Cet épisode, qui demeurera pour plusieurs consultants à Paris, comme le fait majeur d’un bail au PSG  pourtant perlé d’actions défensives d’éclats et de chirurgicales interventions offensives, Serge Aurier a tenté de l’expliquer. Il y a un peu plus d’un an. A l’émission Clique X sur Canal Plus, passée sous silence par plusieurs média, Aurier donnait son sens au mot « fiotte » qui l’a fait basculer du rêve parisien au cauchemar.

« Pour moi, “fiotte“, c'est pour désigner quelqu'un qui a peur. C'est un mot qu'on utilise entre potes. Pas pour insulter le papa ou la maman des gens. Pour nous, ce mot n'avait pas une aussi grande importance que cela. Ça ne reflète aucune homophobie parce que chacun a sa vie. Je respecte cela. Je ne suis pas une “fiotte“, à partir du moment où je n'ai peur de personne. C'est un mot qui pour nous ne renferme pas quelque chose de méchant », expliquait l’international ivoirien.

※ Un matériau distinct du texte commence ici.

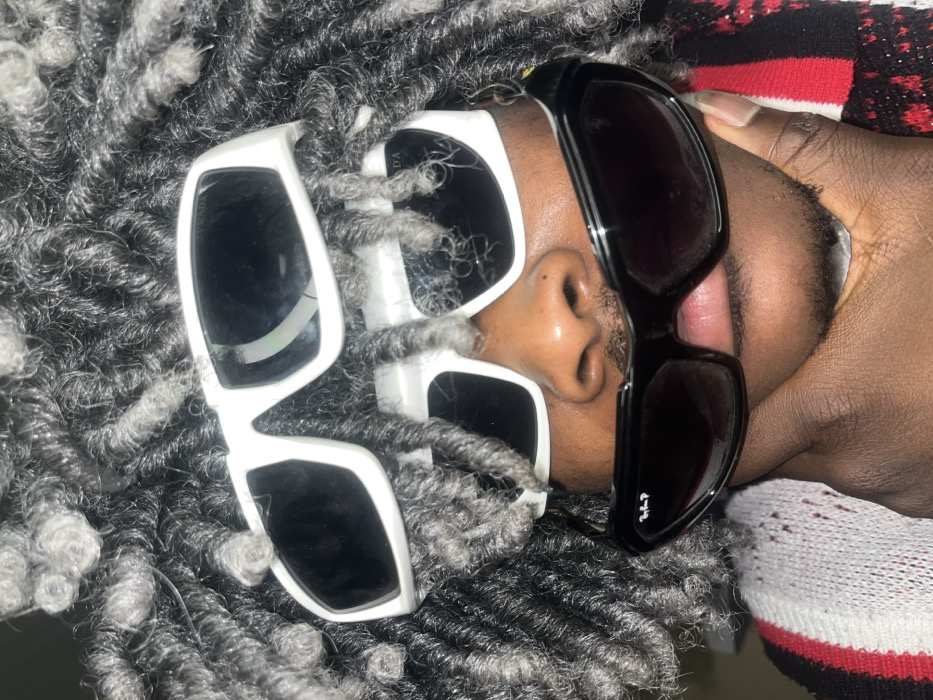 A person with gray dreadlocks wears two pairs of sunglasses
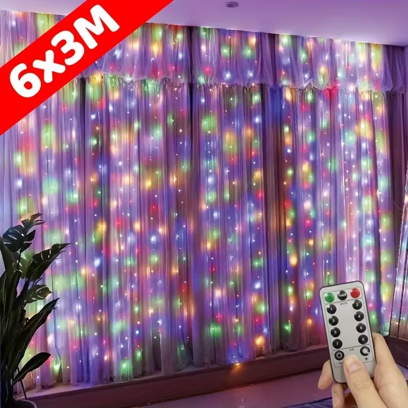 - LEDイルミネーション 6×3M カラフル 8モード USB給電 LED電飾 LED クリスマス ライト 結婚式 パーティー カーテン 装飾 店舗
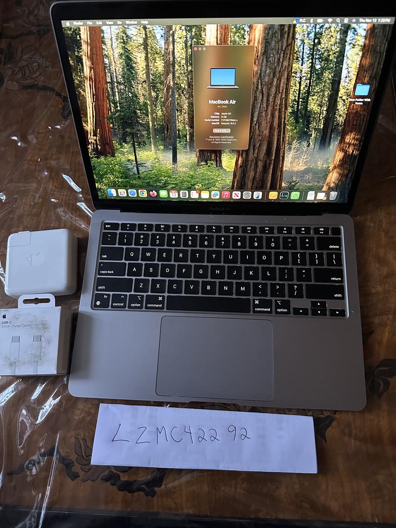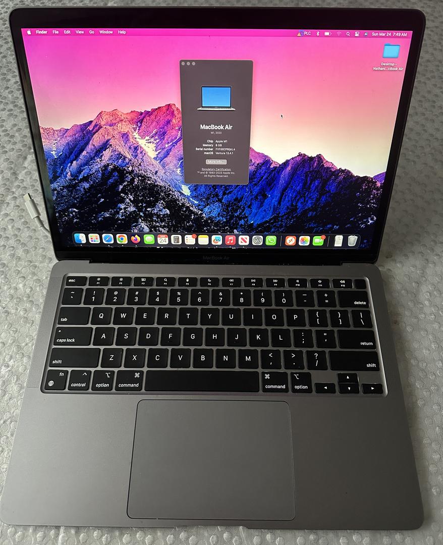 This is a used M1 MacBook Air 2020 with the M1 chip. It has 8GB of RAM and 256 GB of SSD. There is normal wear, and good condition overall. It includes a brand new in box Apple charging cable with 240W and braided, and a MacBook Pro charging brick. No box is included, just the MacBook, cable, and brick.
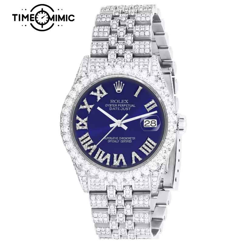 SKU Iced Out Rolex Datejust Blue Roma Number Dial Jubilee Replica Categories , , , , Tags , , , ,
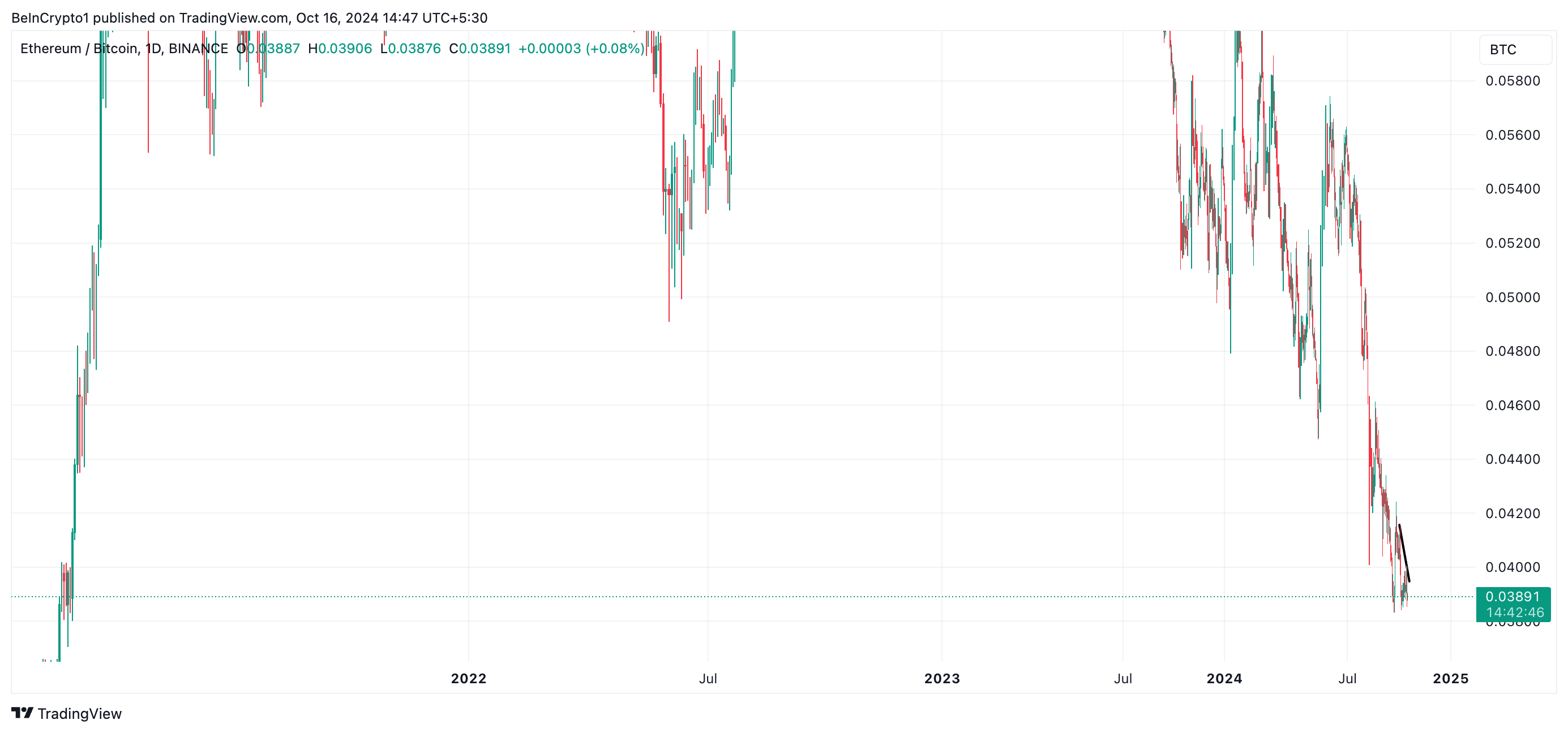 Além disso, a relação ETH/BTC, que acompanha o desempenho do Ethereum em comparação com o Bitcoin, está se aproximando de seu nível mais baixo em três anos e meio.
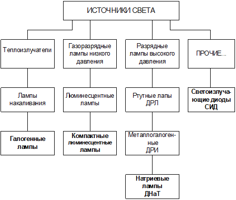 Из всего разнообразия источников света в настоящем учебном пособии рассматриваются источники света, которые применяются для освещения производственных, административно-бытовых, общественных, жилых и других помещений, а также для освещения территорий предприятий и уличного освещения.
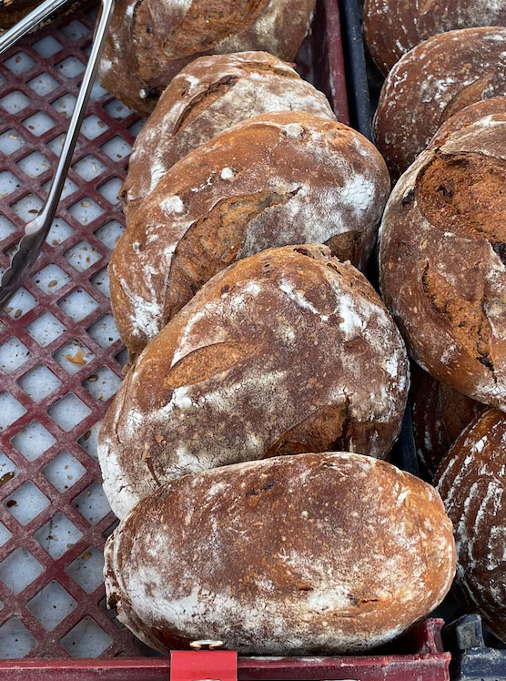 Fresh baked bread made from freshly milled organic whole grains.
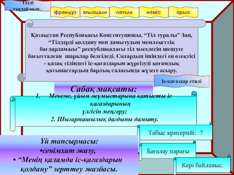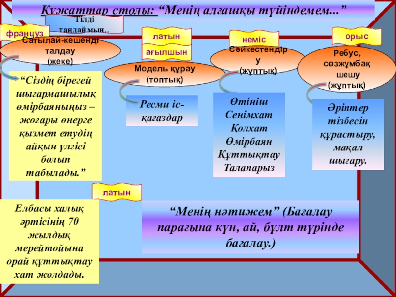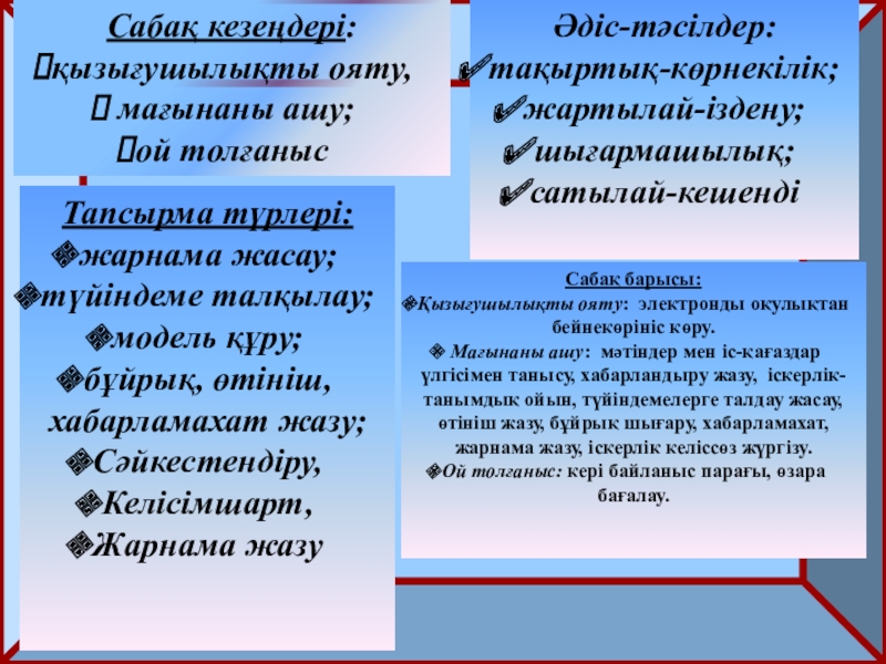 Көрнекіліктер: актив тақта кітапханасы, бейнежазбалар, электронды оқулық, парақтар, постер беттері

« J’ai pensé que j’avais tué quelqu’un »

Un sens de quartier qui ne collait pourtant pas avec l’idée que se faisaient certains observateurs français de ce vocable. Un recadrage mué en acharnement qui a affecté le joueur. « Certains en ont fait toute une affaire. Ça a duré des mois et des mois. A un moment donné, c'était trop. A un moment donné j'ai pensé que j'avais tué quelqu'un. Qu'en sortant ce mot là, je méritais d'aller en prison. Je méritais d'être viré du PSG et d'autres choses encore. J'ai pris du recul à partir de ce moment pour comprendre que ce que j'avais dit avait choqué plein de monde.  Je me suis excusé. Ce mot que j'ai utilisé ne fait pas de moi un homophobe. Je ne suis pas homophobe », a-t-il indiqué conscient du tacle appuyé dont il venait de se rendre coupable.

« Si j’ai vraiment encore envie de rester au PSG… »

Dès lors, le goût du PSG s’est assombri à son palais. Avec la certitude que plus rien ne serait comme avant. Même après le départ de Laurent Blanc. « Certains ont encore dit que ce n'était pas sincère. Je me suis excusé parce que le moment le voulait. Je l'ai aussi fait pour mon président qui me considère comme son fils. Si j'ai vraiment encore envie de rester au PSG c'est pour lui. Sinon, si  ça ne dépendait que de moi, je serais déjà parti ». A l’heure actuelle, l’amour paternel qui le lie à Nasser El Khelaïfi ne semble plus suffisant pour maintenir l’Eléphants aux pieds de la Tour Eiffel. Surtout sur la liste des probables prétendants d’Aurier s’allonge au fil des jours.